As I write these lines, it has been only a minute after I have discovered that I was not the first to think of a quadruple-entry accounting. So what I say has in fact, some measure of academic relevance already, prior to my own awareness (http://www.concertedaction.com/2012/05/20/balance-of-payments-part-2-double-versus-quadruple-entry-bookkeeping/):
… Copeland pointed out that, ‘because moneyflows transactions involve two transactors, the social accounting approach to moneyflows rests not on a double-entry system but on a quadruple-entry system’. Knowing that each of the columns and each of the rows must sum to zero at all times, it follows that any alteration in one cell of the matrix must imply a modification to at least three other cells. The transactions matrix used here provides us with an exhibit which allows to report each financial flow both as an inflow to a given sector and as an outflow to the other sector involved in the transaction.
Another example (http://gym-eleous.ioa.sch.gr/textid/SNA2008.html):
1.63 The accounting rules and procedures used in the SNA are based on those long used in business accounting. The traditional double-entry bookkeeping principle, whereby a transaction gives rise to a pair of matching debit and credit entries within the accounts of each of the two parties to the transaction, is a basic axiom of economic or national accounting. For example, recording the sale of output requires not only an entry in the production account of the seller but also an entry of equal value, often described as the counterpart, in the seller's financial account to record the cash, or short-term financial credit, received in exchange for the output sold. As two matching entries are also needed for the buyer, the transaction must give rise to four simultaneous entries of equal value in a system of macroeconomic accounts covering both the seller and the buyer. In general, a transaction between two different institutional units always requires four equal, simultaneous entries in the accounts of the SNA (that is, quadruple entry accounting) even if the transaction is a transfer and not an exchange and even if no money changes hands. These multiple entries enable the economic interactions between different institutional units and sectors to be recorded and analysed. However, transactions within a single unit (such as the consumption of output by the same unit that produced it) require only two entries whose values have to be estimated.
At the pivotal phase of modified MPE, where total abandonment of the old economic zeitgeist begins:
All savings will be converted into equal amounts of ROR tokens (held by savers) and RODAC tokens (held by those holding the I.O.U.s for deposits) based on an amortization of their value according to the period corresponding to the typical rate of turnover of savings. All debts will be converted into equal amounts of ROR tokens (held by creditors) and RODAC tokens (held by debtors), based on an amortization of their value according to the period corresponding to the typical rate of turnover of debt. Once all cash and IOUs have been converted through this process, all the ROR tokens will cease to accumulate or maintain any sum of cash, and the RODAC tokens will cease to deplete any sum of cash. There will cease to be savings, debts, and cash (or equivalents) in modified MPE when the old economic zeitgeist is eliminated via the amortization process. Savings, debts, and cash itself become unnecessary for economic operation in modified MPE absent of the older system. Modified MPE evolves into a use it or lose it proposition (e.g. using, not using, overusing, or underusing ROR tokens, where use of them constitutes having RODAC tokens on one's record) where combined with measures of financial competence to guide the rationing behavior of buyers and sellers enables us to fill the void of a rationing mechanism, a void which otherwise remains after removing the old system of savings and debt.
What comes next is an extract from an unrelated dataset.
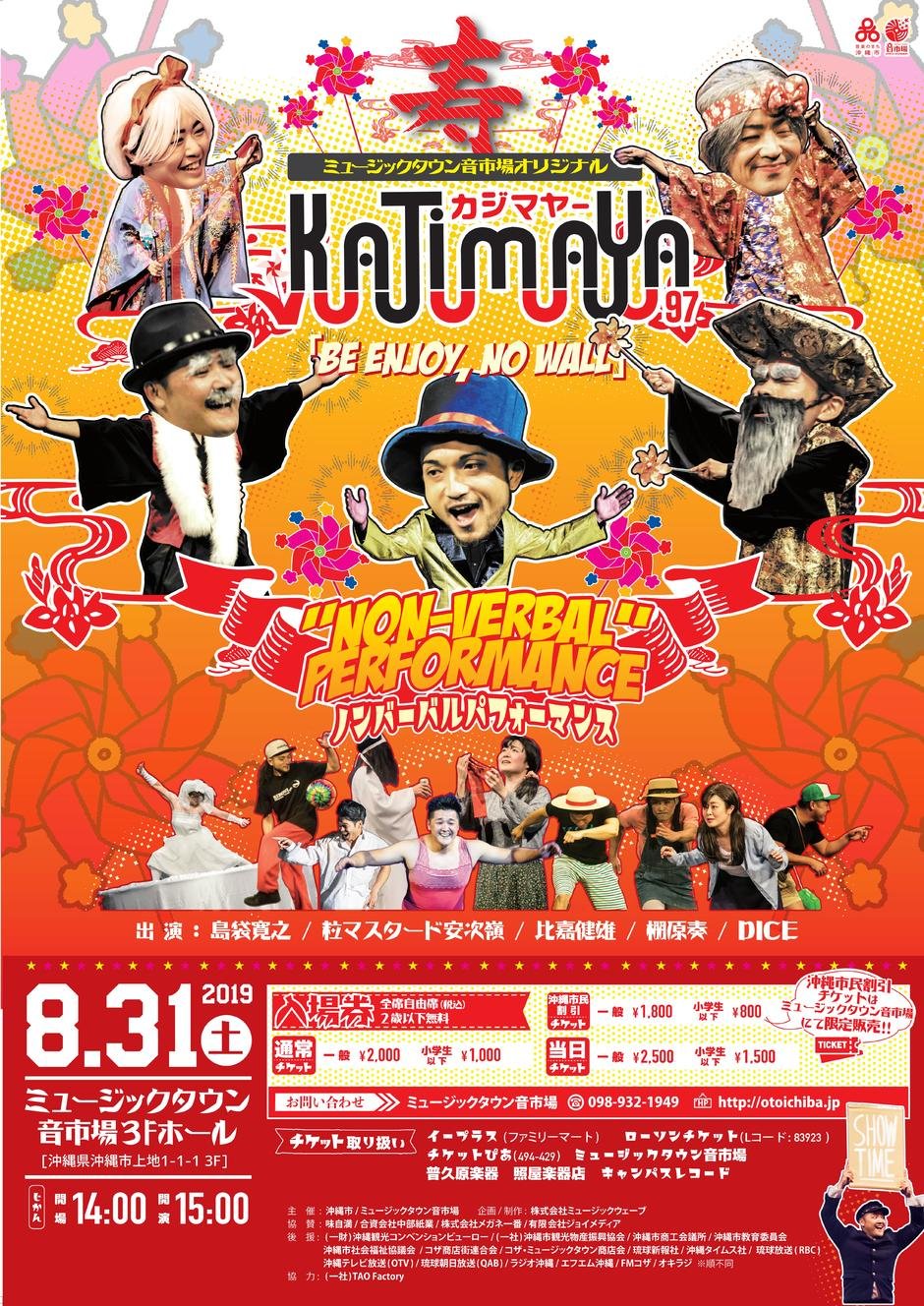 | 参加費 | 前売:【通常チケット】一般2,000円 小学生以下1,000円 【沖縄市民割引チケット】一般1,800円 小学生以下800円 /当日:一般2,500円 小学生以下1,500円 ※全席自由、2歳以下無料、消費税込 ※沖縄市民割引チケットはミュージックタウン音市場事務所にて限定販売 |

As a 3 year student, mentor & advocate of MPE™ in the video “ PFMPE, Do banks retire Principal ? “, I can assure you all promissory obligations even today are collateralized by a true creditor who gives up property so why even use CPO or UPO ? , The *Uncollateralized* Promissory Obligation suggested by kmarinas86 is something that doesn’t even exist today nor would it in a Mathematically Perfected Economy™, to suggest a principal debt or for a better term the promissory obligation is Uncollateralized is nothing more than an unqualified assumption, furthermore a * Collateralized * Promissory Obligation wouldn’t be even a promissory obligation if it had no collateral value so why even use C before PO. Just because the banks give up no consideration of their own commensurable to the debt they falsify to themselves purporting to loan principal as a purposed misrepresentation ( falsify ) of the promissory obligation doesn’t mean the promissory obligation is Uncollateralized, to suggest a bank debt is Uncollateralized today is only demonstrating one hasn’t studied MPE™ in any depth. .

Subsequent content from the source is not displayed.